Work instructions |
Go to the line containing "Produsul dat este" in the records below and print it and every following line exactly, on through the line containing "- пружина №", then stop.
Exercise inputs: Begin
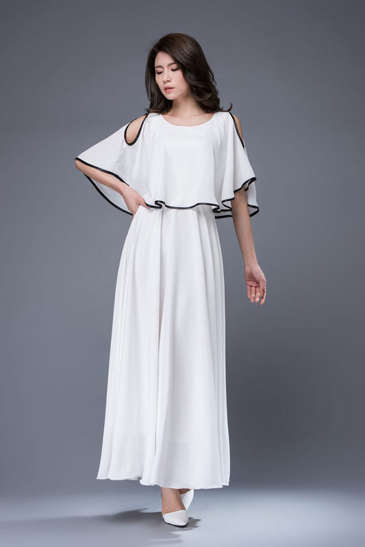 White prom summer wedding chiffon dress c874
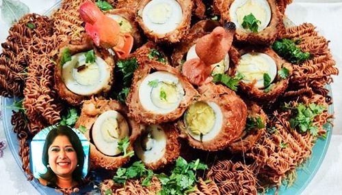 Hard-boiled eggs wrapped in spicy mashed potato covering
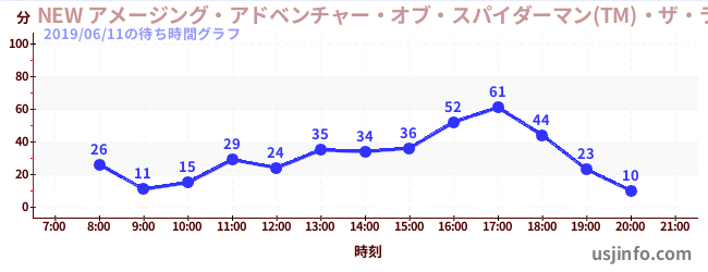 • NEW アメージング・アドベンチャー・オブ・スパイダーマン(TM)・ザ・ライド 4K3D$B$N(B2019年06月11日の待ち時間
Exercise inputs: End
Exercise inputs: Begin
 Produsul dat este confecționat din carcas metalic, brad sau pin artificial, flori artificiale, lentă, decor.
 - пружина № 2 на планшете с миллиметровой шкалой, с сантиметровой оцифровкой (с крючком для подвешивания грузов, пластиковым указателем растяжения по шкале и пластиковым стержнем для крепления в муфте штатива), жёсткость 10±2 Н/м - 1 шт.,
Exercise inputs: End
Exercise inputs: Begin
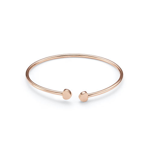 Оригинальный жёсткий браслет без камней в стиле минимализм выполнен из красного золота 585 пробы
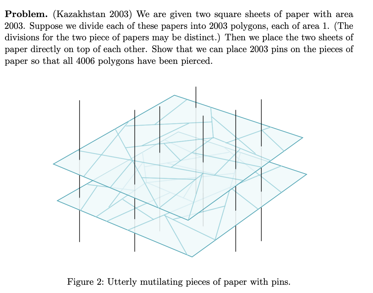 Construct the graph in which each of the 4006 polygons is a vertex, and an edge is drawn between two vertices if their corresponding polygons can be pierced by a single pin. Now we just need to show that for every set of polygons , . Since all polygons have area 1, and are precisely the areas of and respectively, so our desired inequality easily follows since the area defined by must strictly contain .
Exercise inputs: End
Exercise response |
 Produsul dat este confecționat din carcas metalic, brad sau pin artificial, flori artificiale, lentă, decor.
 - пружина № 2 на планшете с миллиметровой шкалой, с сантиметровой оцифровкой (с крючком для подвешивания грузов, пластиковым указателем растяжения по шкале и пластиковым стержнем для крепления в муфте штатива), жёсткость 10±2 Н/м - 1 шт.,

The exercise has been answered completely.